Monday, January 16, 2017

Brady is Frustrating Like No Other

It always seems to be this way.  Tom Brady shreds teams during the regular season.  We are on that page together. 11-1 record after coming back from the four game suspension.  Yup.  28-2 Touchdown to Interception ratio.  Yup on that one too.  Highest completion percentage since 16-0 to boot.  He is the greatest regular season quarterback of all time.

But then you get him into the playoffs and things change.  With the 34-16 drubbing of Houston a couple of days ago, Tom Brady has played in 32 playoff games.  The math is easy now because that is two complete seasons.  His record turns to 11.5 and 4.5.  His TD/Int ration goes to 29/15.  His completion record drops by almost 3 percentage points.  What's the deal?

A couple of things are at work causing Brady to go from regular season MVP to Phillip Rivers.

1.  Teams Finally Execute the Game Plan.  We all know the best way to stop the Patriots' defense.  Getting to Tom Brady.  Now sacking him is too easy.  What I really mean is hitting him every chance one gets.  This takes patience and a lot of hard work.  During the regular season, team defenses struggle to execute that game plan because teams are too banged up and conserving energy.  Once the playoffs come around, teams put all of that aside and go after him with reckless abandon because they don't have anything else to lose.

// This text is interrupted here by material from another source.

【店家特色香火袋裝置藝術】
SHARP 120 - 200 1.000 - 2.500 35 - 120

2.  Patriot's Meta Schedule.  This is one that has been dragged around for years.  The Bills, Jets and Dolphins all suck.  Now not every year, but you can generally count on 2 of the 3 teams to suck every year.  This leads to an easy 5-6 wins every year.  What also is at work is that the AFC has a lot of bad teams, not just int he AFC East.  The Raiders and Browns have been bad for years.  Same with the Jaguars and Titans.  The Chargers and Bengals, while making the playoffs, are always soft.  Really, except for the Ravens, Steelers and Broncos, the entire conference is soft and the Patriots get 2 games against them.  Its not a division thing, its a conference thing.

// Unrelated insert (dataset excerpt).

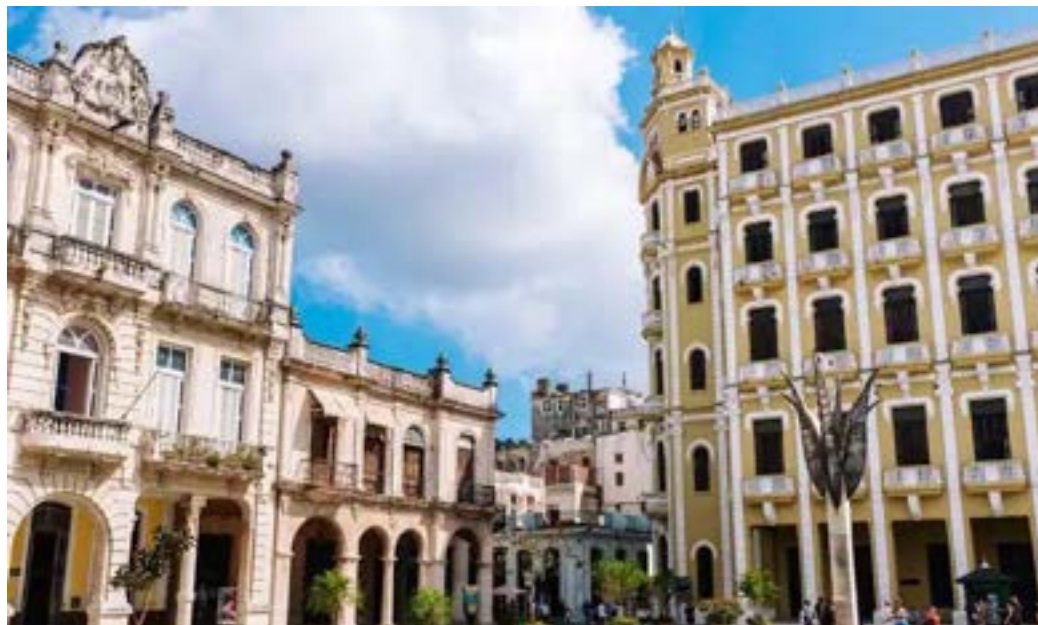
La Plaza Vieja

3.  Brady Isn't Clutch.  Now this is a red herring, but this stands to reason.  He does have the third most game winning drives in history with 49 (only Manning and Marino have more).  But the Houston game is a perfect example of the clutchness issue.  He never seems to have good games int eh playoffs.  He always seems to do just enough to win most games, but you never say that Tom Brady was the reason that the Patriots won the so-and-so game.  The 2007 and 2011 Super Bowls are other good examples of this phenomenon.  Some players are just not as good when it counts.

So as the Patriots enter into the AFC Championship against the Pittsburgh Steelers (and their own shaky QB), it will remain to be seen if Brady can look like the Brady that will win the MVP.